Drones hunt down 1.7 million tax cheats in Spain - The Local



> Spain’s tax office has discovered 1.69 million homes that have failed to pay adequate taxes thanks to an extensive air operation using satellites and drones.
> 
> The unmanned aerial vehicles revealed improvements to people’s houses that they had failed to declare to the tax office, such as extensions and swimming pools.
> 
> ...


I heard this story yesterday on the radio and think it not only raises some talking points but can also be seen as a warning to people too.

Now the sheer numbers of tax cheats caught are quite staggering, nearly 1.7 million individual houses have been caught out and they are still conducting more searches as we speak and the numbers will only increase.
I'm hardly surprised by this though as when we were buying practically every single house we came across had this type of problem, so it really shouldn't be news to anyone but just goes to show that when you are buying you certainly need to conduct proper legality checks.

What I think though is somewhat more worrying here is the actual use of drones to carry out this operation. 
We spent far too much time researching properties which included using websites like goolzoom which also gives you the catastral overlays and you can quite easily check the status of properties which I presume is the same thing that the drones are checking so I don't see the point in it really.

Spanish law on drones is so prohibitive that it makes getting one as a hobby somewhat pointless yet the guberment can do as they please.
There are definitely privacy concerns too but it seems that so far there are no wide ranging EU regulations so in this case they are truly flying under the radar here. However there are fairly strict privacy laws here too so how are they legally doing this?

Now I'm all for catching tax cheats but really I wouldn't be comfortable if my neighbour was flying a drone with a camera and certainly wouldn't be happy to have the Nanny state peering over the fence either even if I have nothing to hide it still really is not on.

Like I say these checks can quite easily be done online, it may not be perfect but certainly good enough to catch people out and it would be carried out under existing privacy laws too.

So in the end I don't really know, it is not something that concerns me in the fact that I will get caught out doing something wrong as we are not doing anything wrong but it is something I'm not overly comfortable with either.

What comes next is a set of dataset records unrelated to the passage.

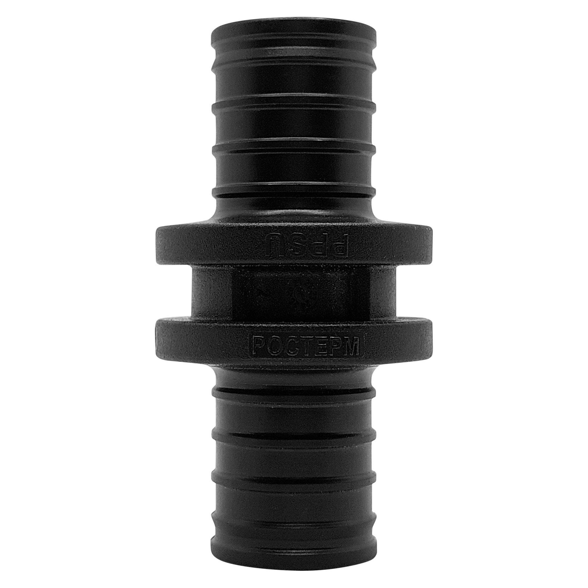 Муфта 16 PPSU РОСТерм, устанавливается в качестве соединения труб из сшитого полиэтилена 20 диаметра, совместно с напрессовочными гильзами PVDF соответствующего размера. Используется в аксиальной системе для соединения полимерных труб РЕ-Х и PE-RT.
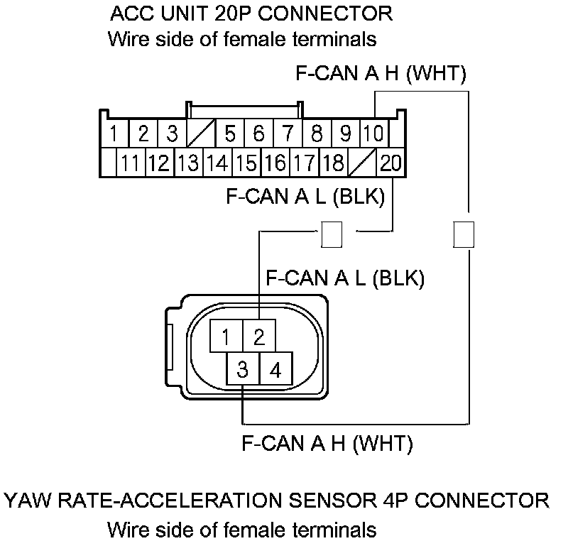 8. Wait for 30 seconds, then check for continuity between ACC unit 20P connector terminal No. 10 and yaw rate-acceleration sensor 4P connector terminal No. 3, and between ACC unit 20P connector terminal No. 20 and yaw rate-acceleration sensor 4P connector terminal No. 2.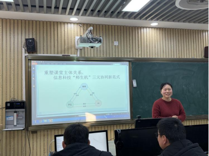 研讨过程中,工作室成员们围绕“师生机三元共同体”这一核心概念展开了热烈讨论。大家一致认为,在AI拓展课程中,人工智能不仅是教学工具,更是教师的“协作者”。它能通过可视化手段照亮学生的思维盲区,并实现精准的学情分析与即时评价。吴程程老师强调,教师应关注如何通过人机协同解放创造力,设计出更具探索欲的课堂环节。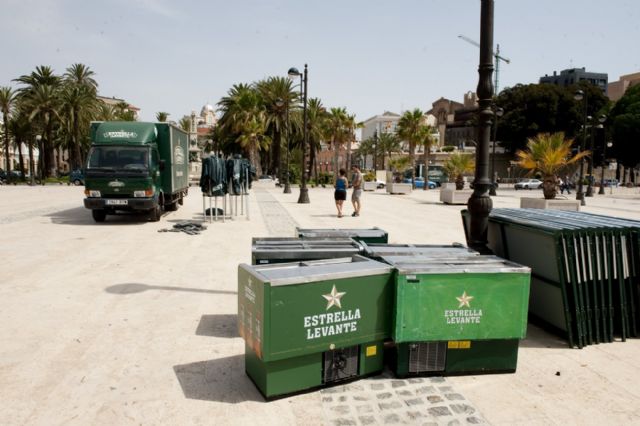 La instalación de los 19 puestos que abrirán sus puertas entre Héroes de Cavite y el muelle Alfonso XII, así como la pantalla gigante para ver la Eurocopa, está prácticamente lista para su inauguración, que tendrá lugar el miércoles por la tarde
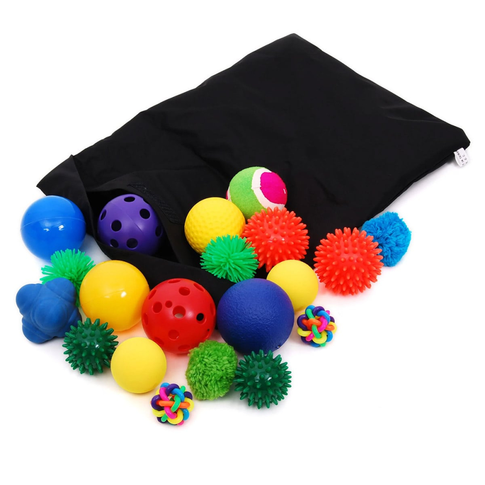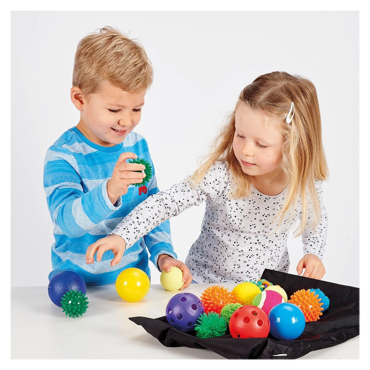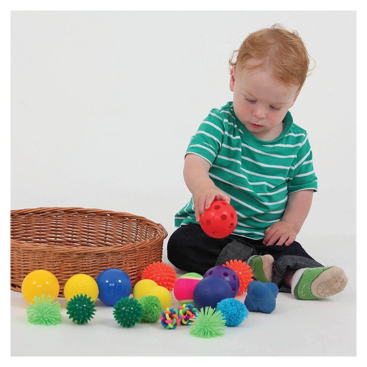 • Acest set versatil cu 20 de mingi senzoriale cu texturi, culori, forme si densitati diferite este ideal pentru a incuraja explorarea senzoriala a copiilor.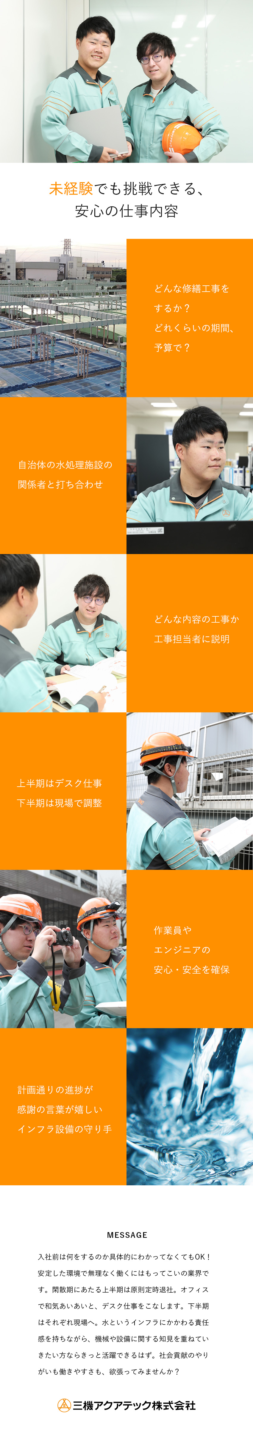 【広島県】水処理プラントの設備点検◇三井G子会社/賞与実績5.0か月/平均残業月9時間/研修制度充実
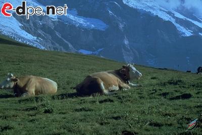 牧場の牛とユングフラウ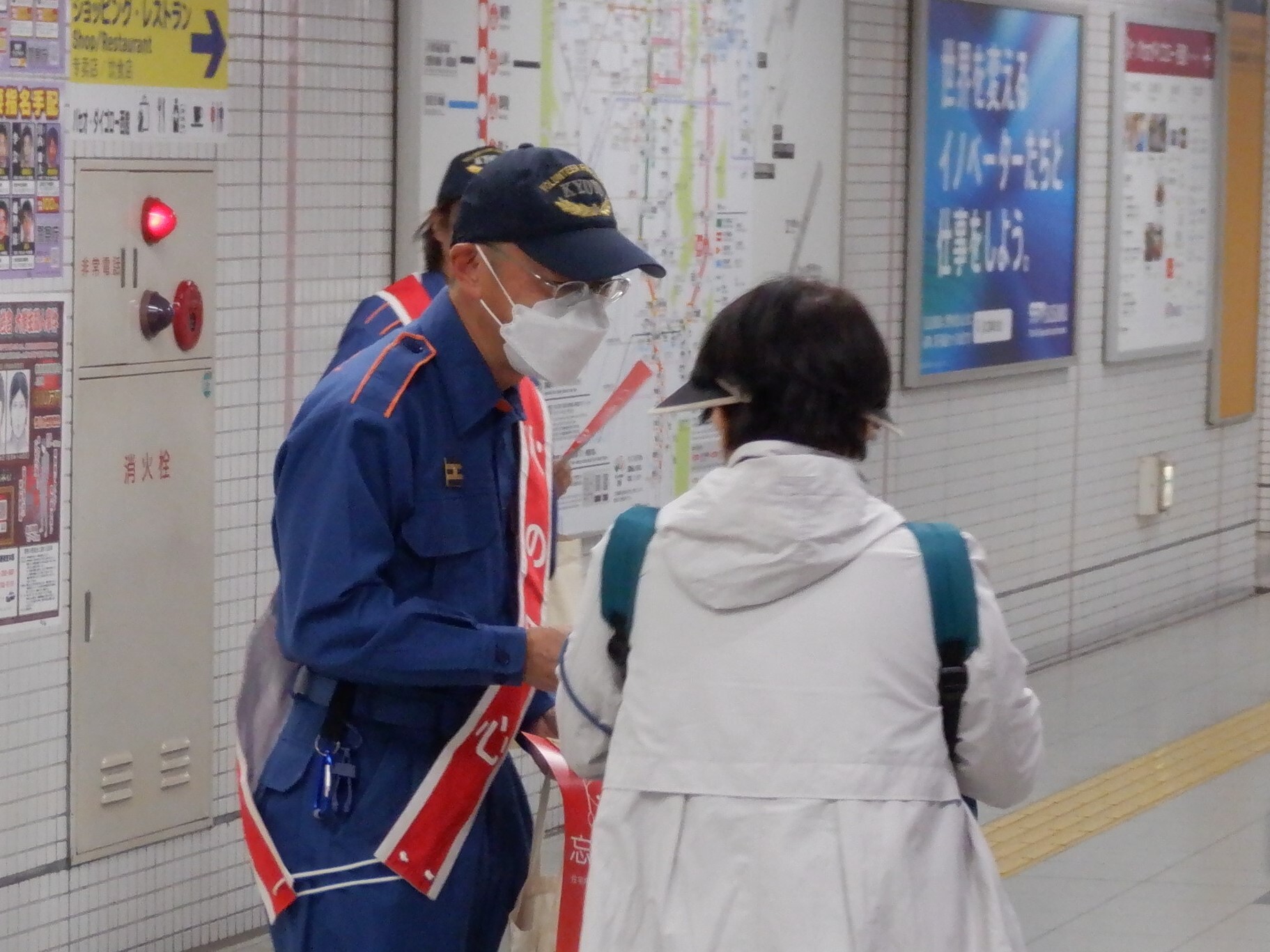醍醐地域においても醍醐地域消防分団(醍醐分団、醍醐池田分団、春日野分団、日野分団、小栗栖分団)が、市民の皆さん一人一人の防火意識の高揚を図るため、令和6年11月10日(日曜日)に、京都市営地下鉄 醍醐駅と石田駅の改札口付近にて火災予防を呼び掛ける街頭広報を実施しました。

Seems to me there are some questions that will likely never be asked over this practice but still, the more you know.


----------



## olivefarmer (Oct 16, 2012)

Broadly, I think it is a good idea. I do share your concern over drones.

There is a culture in Spain of doing improvements without paying the taxes The very taxes that our municipalities rely on. There rationale is it doesn't matter as they aren't going to sell their property just hand it down.

Parts of our province are going through a one off programe. The area is covered by planes and the aerial photo taken is compared with your registered details. They then send a revised IBI bill based on those new measurements e.g. a new patio, garage or swimming pool. You have so long to object to their "findings". Quite a good process as the punter gets their house details more regularised ( I daren't use the word legal) and the authority gets more IBI.

The one thing that hasn't changed is the staffing of our catastral office. Only open to the public a few hours each week. Apparently they have a huge backlog. More staff equals faster resolution equals more IBI ?


----------



## Alcalaina (Aug 6, 2010)

This is excellent news. Perhaps with the extra IBI revenue generated they will be able to employ more staff!

As for drones and privacy, I think they fly pretty high? There's a sample video of a drone's eye view here.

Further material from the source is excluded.